6 Responses to “Refining Gasoline”

  1. Jen says:

    Yay, it’s my fungus!

    The first grad school project I ever worked on was redesigning the cellulose-binding-domain of T. reesei to try to have structure in the absence of the rest of the protein.

    Not to bind cellulose or anything, but just because it was cool and no one could do that kind of thing and we really didn’t understand how the structure was stabilized.

    (for anyone who is interested - the way it binds cellulose is by having a lot of amino acid side chains that line up to make a flat hydrophobic surface that sticks to the cellulose; most sugars have a lot more “bumps” that prevent them from binding)

    I haven’t followed developments in T. reesei as a biofuel possibility, but my sister the termite microbiologist says the real problem is breaking down lignin, which has nothing to do with cellulose and is a much harder problem in woody plant structures. Apparently most the plants where lignin isn’t a problem aren’t energetically efficient. (all secondhand, of course; I know little on the topic).

  2. Moonglum says:

    Heh, I actually thought of you when I read that article.
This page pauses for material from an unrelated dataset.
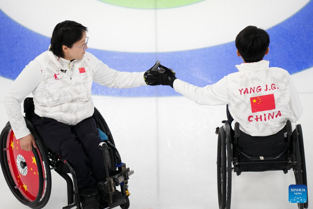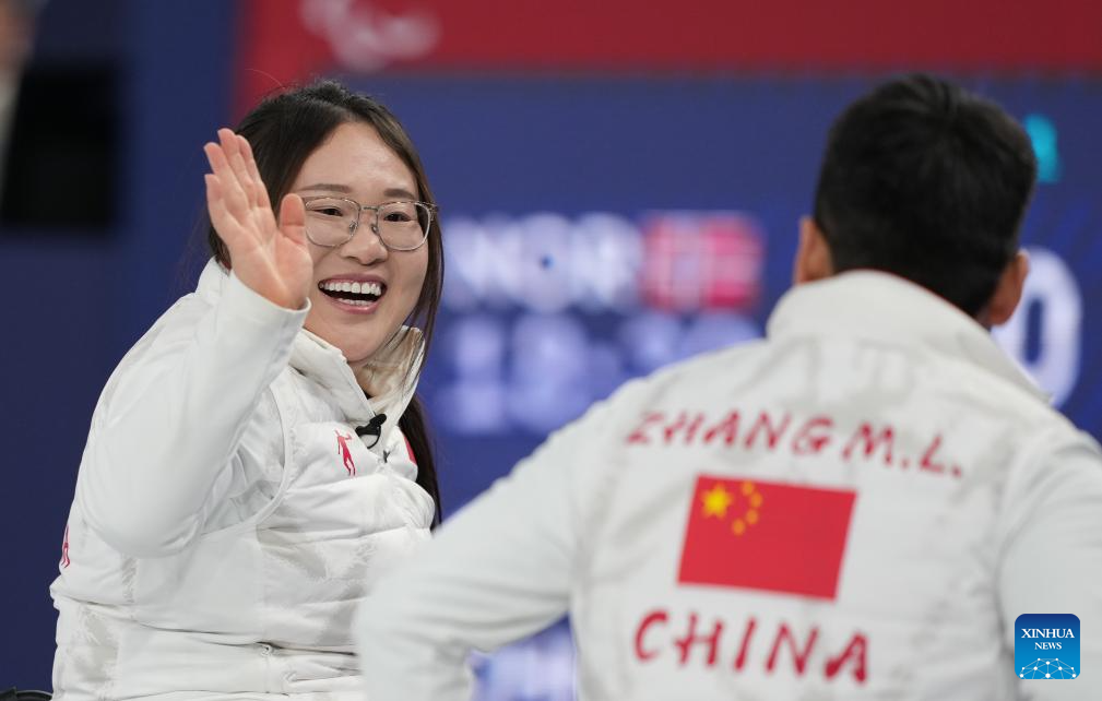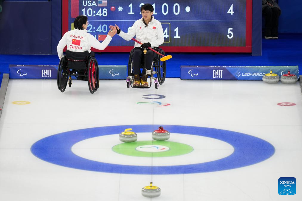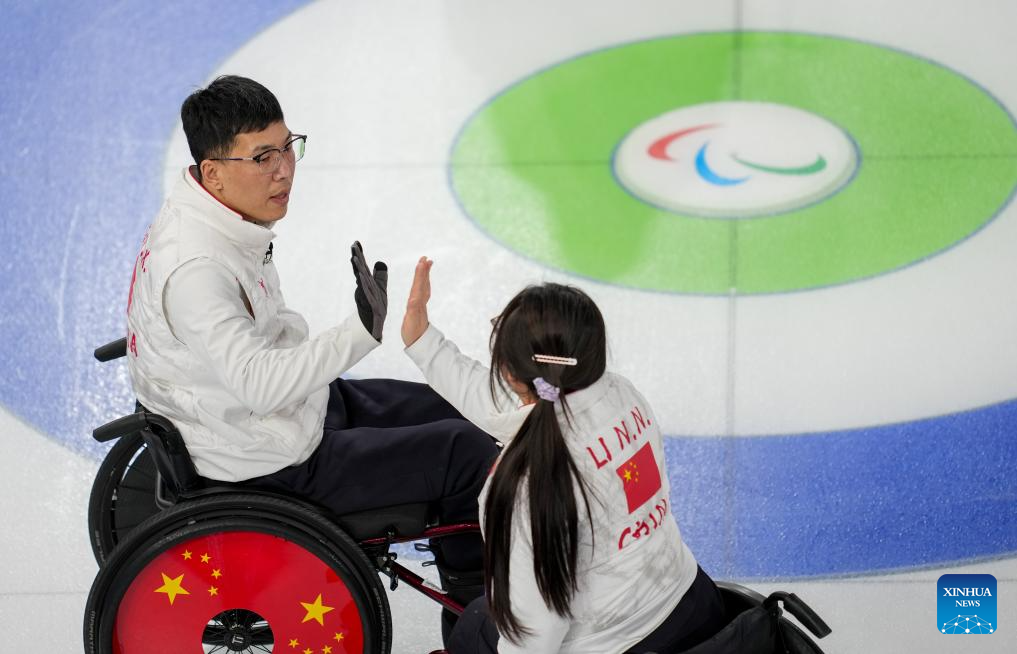 Li Nana (L) of China celebrates with teammate Zhang Mingliang during the wheelchair curling mixed team round robin session 6 match between China and Norway at the Milan-Cortina 2026 Paralympic Winter Games in Cortina D'ampezzo, Italy, March 9, 2026. (Xinhua/Wang Kaiyan)
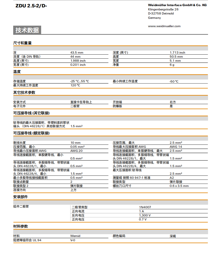 魏德米勒 ZDU 2.5-2/D- 直通型接線端子 訂貨號1779000000 |

    The current solution to the lignin problem is to burn it and use that energy to run the cellulose fermentation process, utilizing every part of the plant. That poses the problem though of where do you get the nitrogen from that will need to go back into the soil. The Haber–Bosch process requires too much energy in the form of 3-5% of the worlds natural gas production. An MIT team is looking at replicating the natural process, which reduces the energy input, but still uses gas as the feed-stock.

    I see legumes in our future. Lot and lots of legumes.

  3. Marty says:

    Hey, did I show you this?

    I still think this is a very neat idea, and I’m hoping something using it hits the broader market. (They aren’t the only people working on the idea.) Imagine combining this with a hybrid, or putting one on a GEO metro or Smart car.

  4. Moonglum says:

    Steam power! Awesome! Another good one I saw recently was bio-aviation fuel.

  5. Marty says:

    I’m not so sold on bio-aviation fuel-I think we’re going to have to go back to zeppelins and the like. Solar-powered zeppelins!
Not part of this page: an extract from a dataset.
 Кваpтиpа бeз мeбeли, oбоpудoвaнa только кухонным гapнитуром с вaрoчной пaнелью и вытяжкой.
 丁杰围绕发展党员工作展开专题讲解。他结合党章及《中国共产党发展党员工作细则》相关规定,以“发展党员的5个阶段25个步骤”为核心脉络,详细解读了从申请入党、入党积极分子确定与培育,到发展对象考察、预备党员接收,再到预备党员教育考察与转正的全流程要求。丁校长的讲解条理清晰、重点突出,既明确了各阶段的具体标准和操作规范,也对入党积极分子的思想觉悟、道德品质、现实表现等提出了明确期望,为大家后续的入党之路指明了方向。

    I envision a future in which food is locally grown in farm skyscrapers, people travel between cities in solar powered zeppelins, cars are smaller but much more fuel-efficient (and use steam power to get a bit more bang for the buck), ships use wind, solar and conventional power, and there is a lot more telecommuting.

    It may be a little far-fetched, but so is the idea that we’ll totally revert.

  6. Moonglum says:

    (See other comment for solar zeppelin response.)
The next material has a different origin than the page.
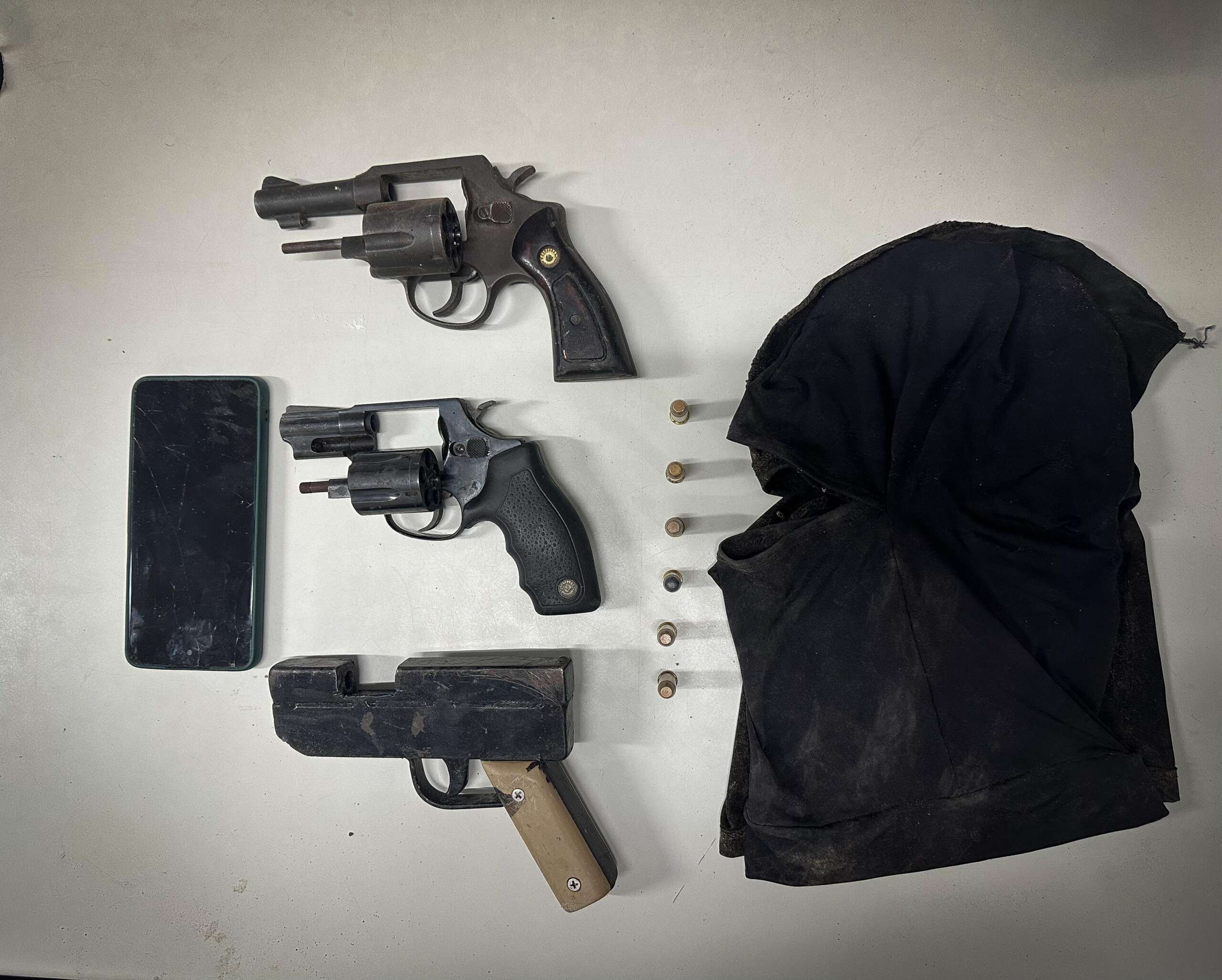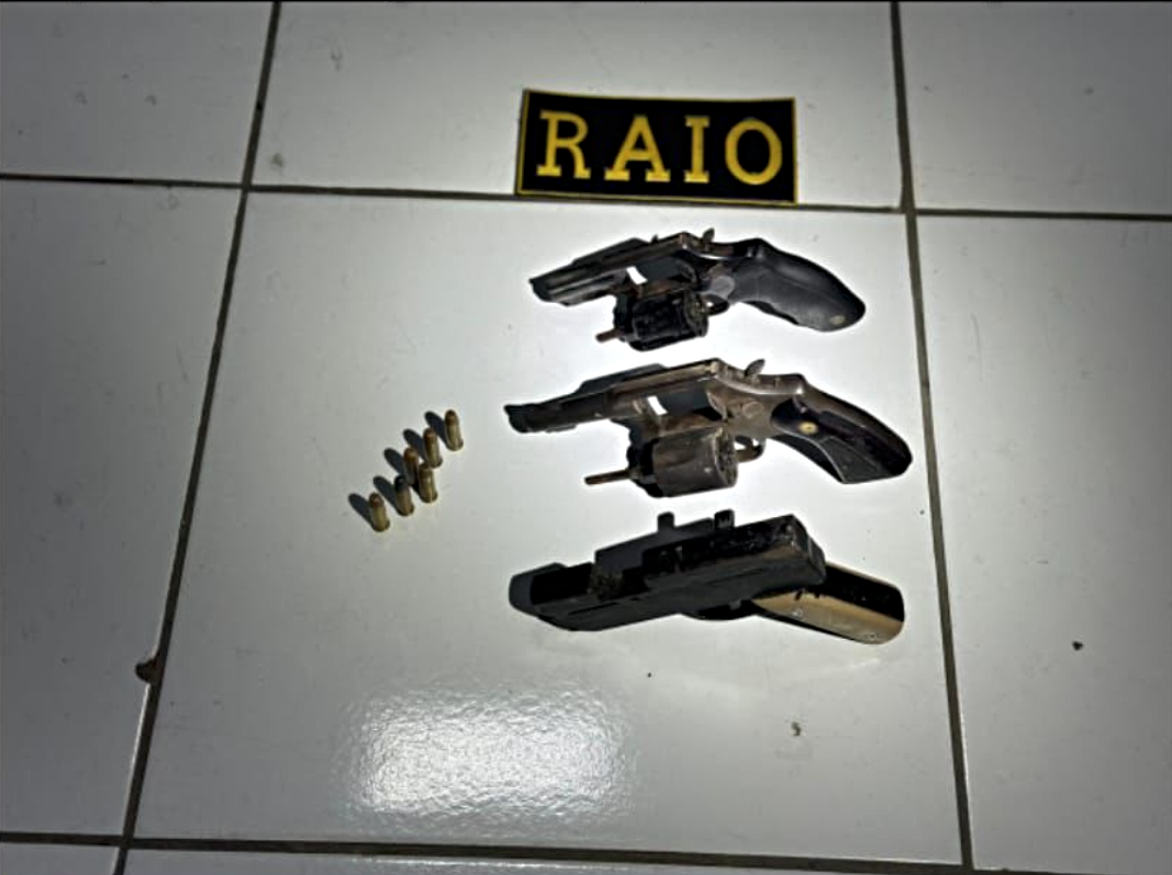 De imediato, os militares foram ao local indicado e localizaram quatro suspeitos – sendo três homens, ambos de 24 anos de idade, e um quarto homem, de 22 anos, que já possui antecedentes criminais por lesão corporal dolosa, ameaça e crimes de violência doméstica e familiar contra a mulher. O grupo estava na posse de dois revólveres calibre 38, uma arma artesanal calibre 38 e seis munições de mesmo calibre, além de dois aparelhos celulares, duas balaclavas e duas mochilas.

    I actually think that the future will look an awful lot like what we have now, just without burning stuff we dig up out of the ground. Possibly more earthbound, but possibly not. There are plenty of idea out there of how to keep us in the air without jets. The real question is how long it will take us to get from here to there, and how hard things will get before we get there. I’ve seen some ideas where we recapture the carbon that we burn and turn it directly back into gas using different kinds of bioreactors. If that pans out, we would have a world almost exactly like ours, except we reconstitute our own gas, using energy derived from some other source. The trick is to ramp up enough of that technology before we really need it so that we don’t have a gap of time where the new technology is not available yet but the old is prohibitively expensive.

    My take on the end game you describe above: large cities to utilize as much locality of business and distribution as possible. However using a nationwide electric rail system to get the food from the old food production locations to the distribution points. This might also aid in massive electric transmission from the sun belt and wind belt energy production sites to the central locations. And the more telecommuting is already happening, with companies saving on electric bills by having people telecommute certain days per week.